• [Exercise details]: Starting at the line that contains "Bundespräsident Frank-Walter Steinmeier" and stopping after the line that contains "Celebrate a remarkable", transcribe the listing below exactly; do not include any pictures.

• [Records for the task]:
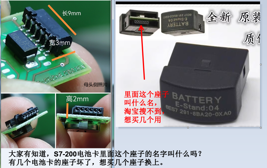 因?yàn)槭掷锸畮讉(gè)S7-200電池卡,座子都?jí)牧耍拥袅丝上В胭I(mǎi)座子回來(lái)修起它們來(lái),但是問(wèn)了很多商家也沒(méi)有賣(mài)的,大家有知道,這個(gè)東西哪里有賣(mài)的嗎,或是關(guān)鍵詞叫什么?我查下,謝謝大家
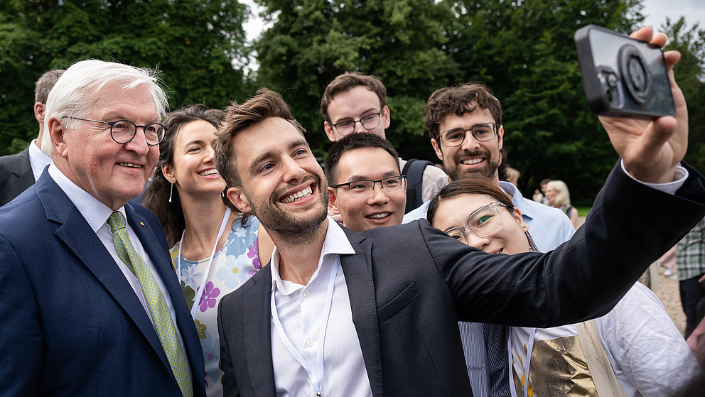 Bundespräsident Frank-Walter Steinmeier empfing die Humboldtianer*innen am 26. Juni im Park von Schloss Bellevue. In seiner Ansprache thematisierte er den Zusammenhang von Wahrheit, Vernunft und Demokratie. Um das Erbe der Aufklärung und um die Prinzipien politischer und wissenschaftlicher Freiheit stehe es vielerorts nicht zum Besten. Mit gravierenden Folgen: „Wo Universitäten und Forschungseinrichtungen gegängelt, wo willkürlich Projektmittel entzogen und Wissenschaftlerinnen und Wissenschaftler drangsaliert und aus dem Beruf gedrängt werden, da leiden auch der Rechtsstaat und die Demokratie“, so Bundespräsident Steinmeier. Gerade die Demokratie sei dringend darauf angewiesen, dass die Menschen vernünftig über Politik und gesellschaftliche Streitfragen diskutierten. „Wo die Wahrheit einen schweren Stand hat, geraten die Grundfesten freiheitlicher Ordnungen ins Wanken.“
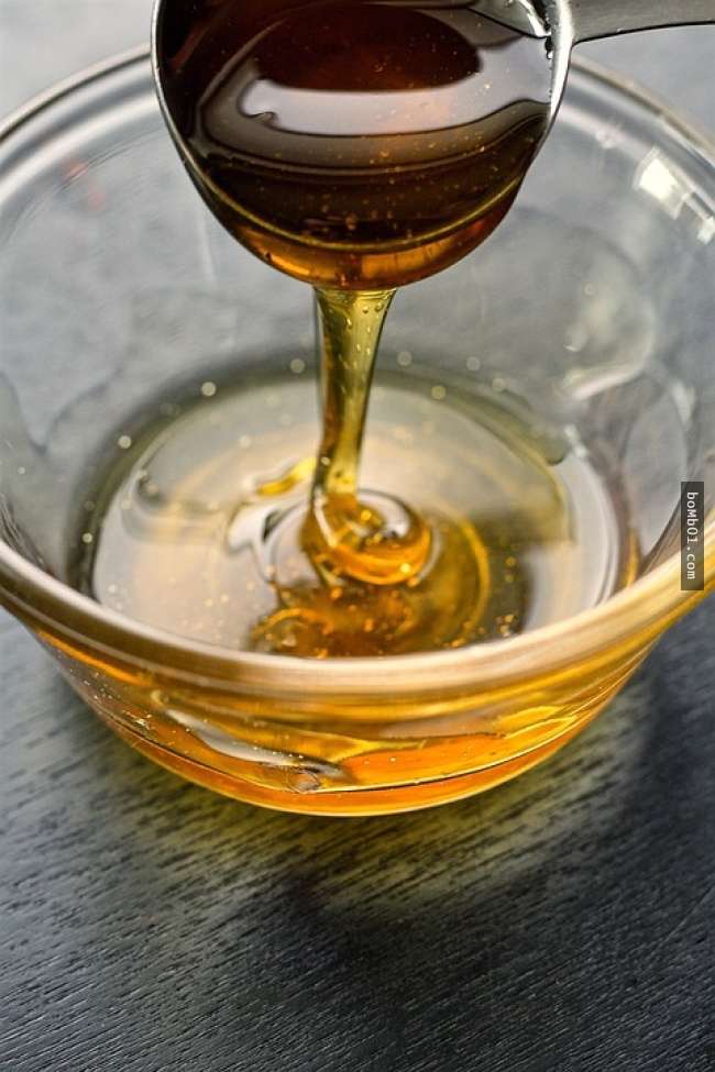▼把蜂蜜倒進黑色玻璃瓶中,蓋上蓋子保存。其他材質的瓶子會讓蜂蜜氧化,玻璃瓶則不會。保存得當的話,蜂蜜幾年都不會壞。
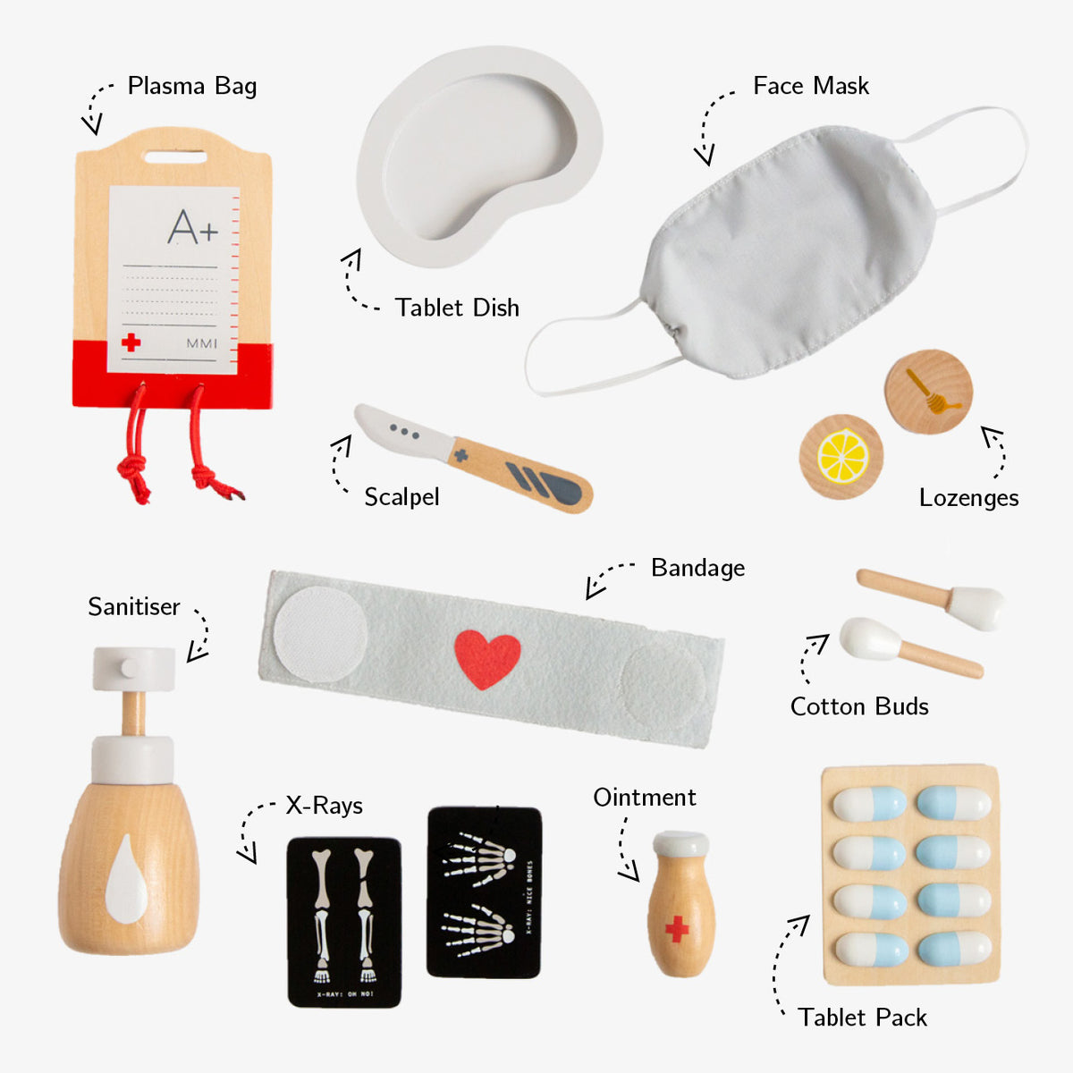 Kit includes: 1 x fabric Face Mask, 1 x fabric Bandage, 1 x Tablet Pack, 1 x Plasma Bag, 1x Sanitizer Pump, 1 x Scalpel, 1 x Ointment Bottle, 2 x Cotton Buds, 2 x X-Rays, 2 x Lozenges , 1 x Tablet Dish
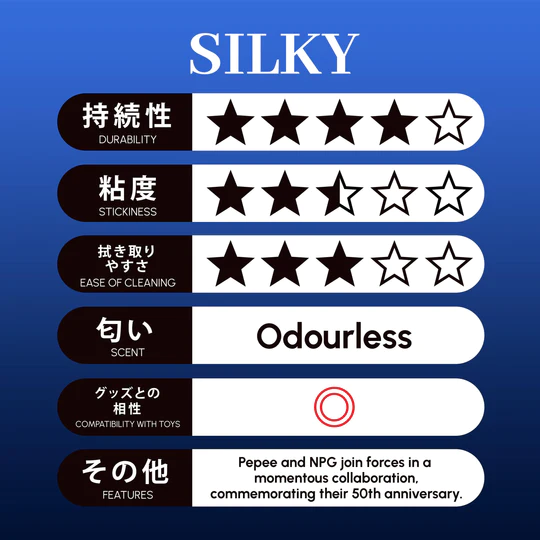 Celebrate a remarkable milestone with PEPEE’s Silky Lotion, a collaboration between Pepee and NPG, two esteemed Japanese lotion companies, in honor of their 50th anniversary. Encased in a refreshing blue bottle, this extraordinary lotion delivers a silky smoothness that is truly exceptional for onahole use.
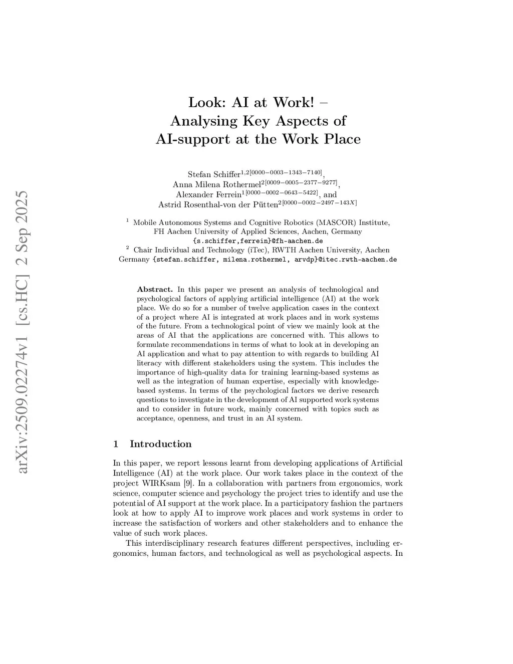In this paper we present an analysis of technological and psychological factors of applying artificial intelligence (AI) at the work place. We do so for a number of twelve application cases in the context of a project where AI is integrated at work places and in work systems of the future. From a technological point of view we mainly look at the areas of AI that the applications are concerned with. This allows to formulate recommendations in terms of what to look at in developing an AI application and what to pay attention to with regards to building AI literacy with different stakeholders using the system. This includes the importance of high-quality data for training learning-based systems as well as the integration of human expertise, especially with knowledge-based systems. In terms of the psychological factors we derive research questions to investigate in the development of AI supported work systems and to consider in future work, mainly concerned with topics such as acceptance, openness, and trust in an AI system.
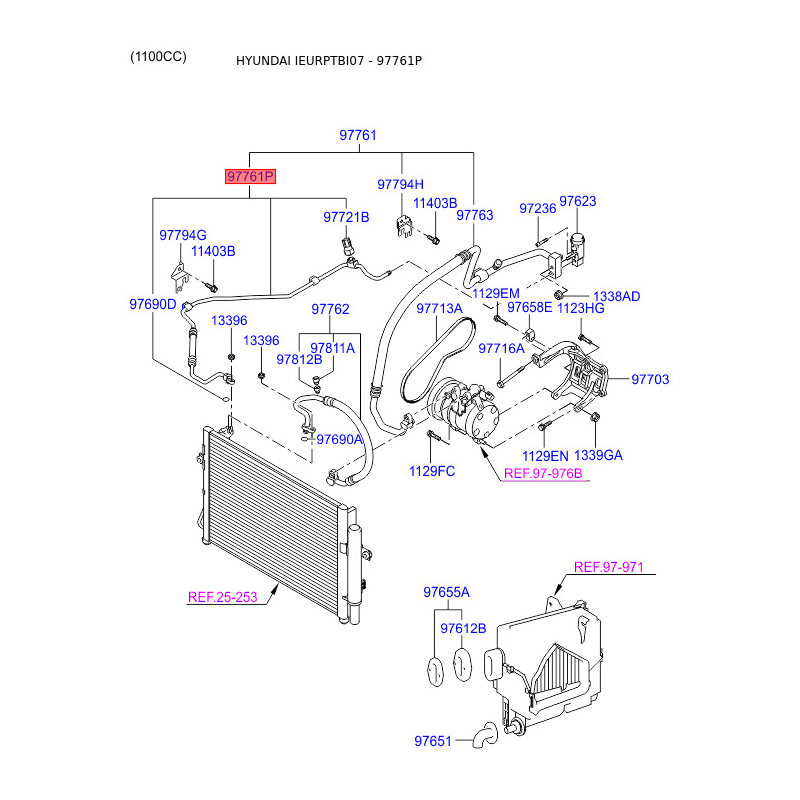 Трубопровод высокого / низкого давления, кондиционер 97761-1C830 Mobis
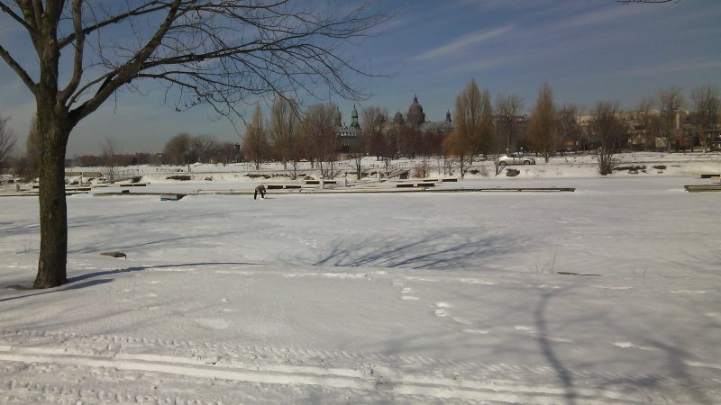 Зимата в Монреал не си е заминала още. Може да ловите риба в леда или да карате ски. Поздрави от Монреал!

• [Exercise result]:
 Bundespräsident Frank-Walter Steinmeier empfing die Humboldtianer*innen am 26. Juni im Park von Schloss Bellevue. In seiner Ansprache thematisierte er den Zusammenhang von Wahrheit, Vernunft und Demokratie. Um das Erbe der Aufklärung und um die Prinzipien politischer und wissenschaftlicher Freiheit stehe es vielerorts nicht zum Besten. Mit gravierenden Folgen: „Wo Universitäten und Forschungseinrichtungen gegängelt, wo willkürlich Projektmittel entzogen und Wissenschaftlerinnen und Wissenschaftler drangsaliert und aus dem Beruf gedrängt werden, da leiden auch der Rechtsstaat und die Demokratie“, so Bundespräsident Steinmeier. Gerade die Demokratie sei dringend darauf angewiesen, dass die Menschen vernünftig über Politik und gesellschaftliche Streitfragen diskutierten. „Wo die Wahrheit einen schweren Stand hat, geraten die Grundfesten freiheitlicher Ordnungen ins Wanken.“
▼把蜂蜜倒進黑色玻璃瓶中,蓋上蓋子保存。其他材質的瓶子會讓蜂蜜氧化,玻璃瓶則不會。保存得當的話,蜂蜜幾年都不會壞。
 Kit includes: 1 x fabric Face Mask, 1 x fabric Bandage, 1 x Tablet Pack, 1 x Plasma Bag, 1x Sanitizer Pump, 1 x Scalpel, 1 x Ointment Bottle, 2 x Cotton Buds, 2 x X-Rays, 2 x Lozenges , 1 x Tablet Dish
 Celebrate a remarkable milestone with PEPEE’s Silky Lotion, a collaboration between Pepee and NPG, two esteemed Japanese lotion companies, in honor of their 50th anniversary. Encased in a refreshing blue bottle, this extraordinary lotion delivers a silky smoothness that is truly exceptional for onahole use.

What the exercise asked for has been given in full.